Мимо окопа галопом пронеслись обезумевшие лошади с походной кухней, и на землю из котла выплеснулся суп из мелкой вермишели. Протасов от ужаса не видел ничего — ни этих лошадей, ни повара, ни его черпака с длинной ручкой, который повар держал в руках, как оружие, — он увидел лишь множество мелких белых червей на земле вокруг и на трупах; черви эти были и на гимнастерке его, и, не зная, что это вермишель, Протасов подумал: «Вот она — смерть… смерть…»

Он увидел приближающийся танк и присел на дно траншеи, закрыв руками лицо. Гаранский с силой встряхнул его и, глядя в глаза, тихо сказал:

— Стыдитесь! С гранатой вперед!

Протасов выскочил из траншеи, сделал несколько шагов и замер в ужасе, не спуская глаз с блестящих гремучих гусениц. Граната вывалилась из ослабевших пальцев, и Протасов, вскинув вверх руки, опустился на колени, как бы кланяясь железному чудовищу и умоляя его о пощаде.

Николай Николаевич выстрелил из пистолета в спину его, и Протасов сунулся головой в землю. Мимо него пробежал Турлычкин со связкой гранат и так же спокойно, деловито, как некогда он направлял стальные слитки в узкую щель прокатного стана, подсунул связку гранат под танк. Раздался взрыв, и танк вздыбился, как конь перед барьером.

Из-за танка показались автоматчики. Генерал вытащил из кобуры пистолет и, выбравшись из траншеи, крикнул:

— Коли их! Коли-и!

За ним побежали Гаранский, Смирнов и еще четверо ополченцев, но слева вынырнул второй танк и, стреляя из пулемета, перерезал им путь. Первым упал Николай Николаевич. Генерал почувствовал, что ему обожгло грудь. Он схватился рукой за сердце и опустился на землю, ощущая неодолимую тяжесть на плечах, — вот так было в детстве однажды, когда на него повалился воз с сеном, — и генерал все ниже и ниже клонился к земле, чувствуя запах свежего днепровского сена.

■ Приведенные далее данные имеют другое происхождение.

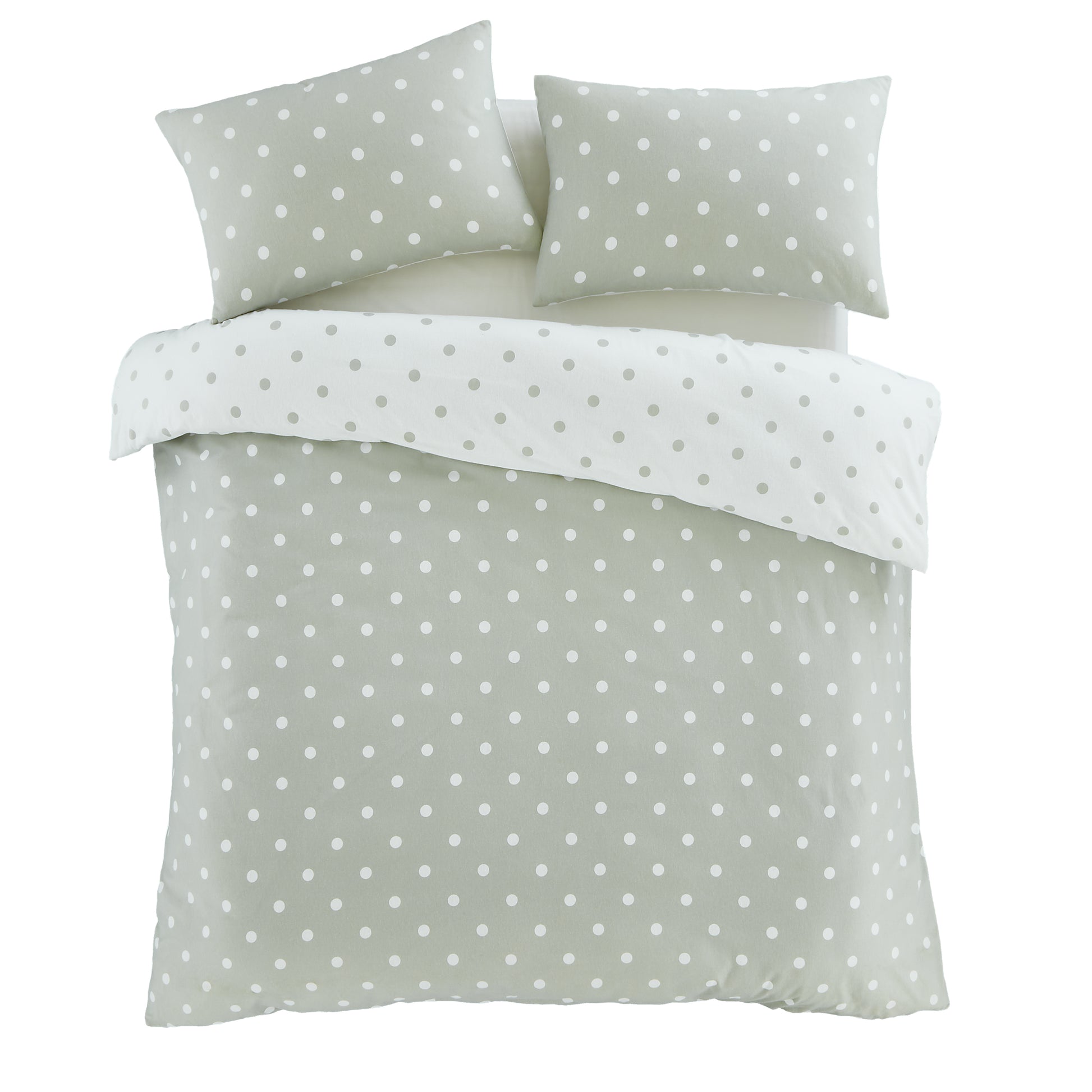 Catherine Lansfield Brushed Polka Dot Duvet Cover Set - Green
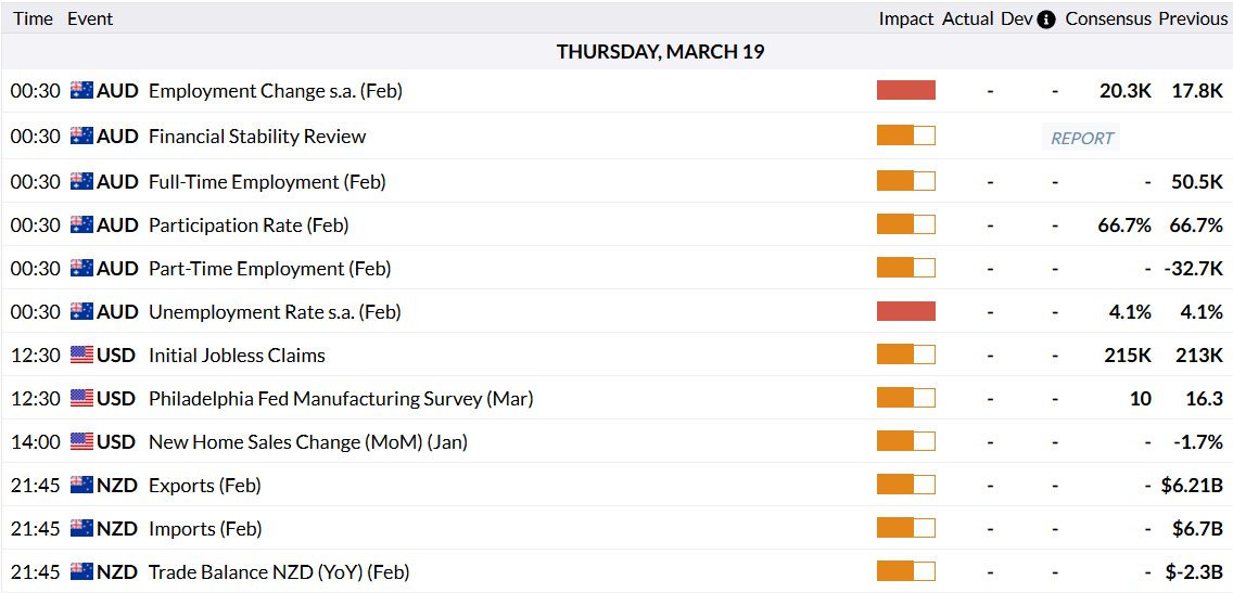 • Dữ liệu việc làm tháng 2 của Úc sẽ được công bố vào thứ Năm, với sự đồng thuận là 20,3K việc làm được thêm vào và tỷ lệ thất nghiệp dự kiến giữ ở mức 4,1% sau lần tăng lãi suất thứ hai liên tiếp của RBA lên 4,10%.
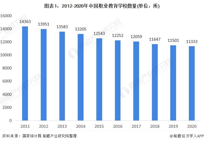 从学校数量来看,我国职业学校数量近年来连续下降。根据国家统计局数据显示,截至2020年底,我国职业学校数量为11333所,较2019年减少168所。
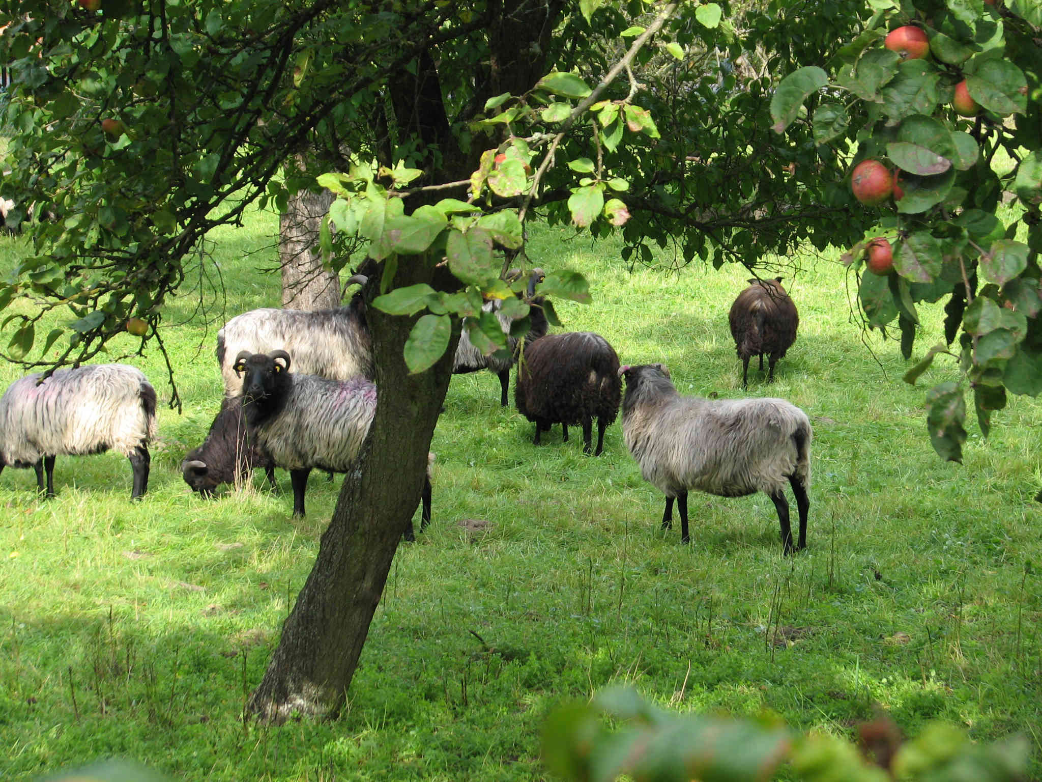 Wenn man Tieren das „Mähen“ der Wiese überlässt, muss die Anzahl der Tiere zur Größe der Wiese passen. Außerdem sollten die Tiere nicht dauerhaft auf der Streuobstwiese weiden. Sonst kann es durch den Tierkot zu einem Überangebot an Nährstoffen kommen.
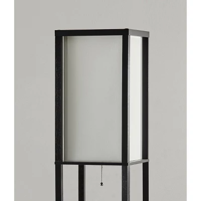 Brighten up your living space with the versatile convenience and striking appeal of the Adesso Titan Tall Shelf Floor Lamp. Standing at 72″ tall, this Lamp has an open box frame made of black MDF veneer with 2 square shelves and the base offering space to display photographs, plants, decorations and mementos. The shade is made of durable poly/cotton and has a collapsible square shape that enhances any decor in your home. Bulb is not included.

Немецкие автоматчики, стреляя на ходу, шагали через убитых. Они чувствовали себя победителями, не зная, что они уже побеждены.

Наступила ночь.

Непроглядная октябрьская тьма окутала потрясенную землю, лишь изредка на горизонте вспыхивали багровые зарницы, но после них тьма становилась еще гуще, еще плотнее.

Шугаев шел по лесу, стараясь не упустить из виду белое пятно, смутно мелькавшее впереди, — это белел мешок на спине Николая Андреевича. Шугаев смертельно устал, мучительная одышка отнимала последние силы, ему хотелось остановиться, перевести дыхание, но он шел, чтобы не обнаружить своей слабости.

«Ему трудней, — думал он о Николае Андреевиче. — Он потерял сына и не имеет права даже на печаль…»

Николай Андреевич шагал неутомимо, так уверенно, словно ясно видел узенькую тропинку к партизанской базе, извивавшуюся между деревьями. Только один раз он остановился внезапно, как бы наткнувшись на стену, и, тяжело дыша, проговорил:

— За что же это… такое?

Шугаев молчал, ожидая, пока пройдет одышка. Взволнованный горем своего друга, он ласково прикоснулся рукой к плечу Николая Андреевича и почувствовал, как содрогается его сильное тело.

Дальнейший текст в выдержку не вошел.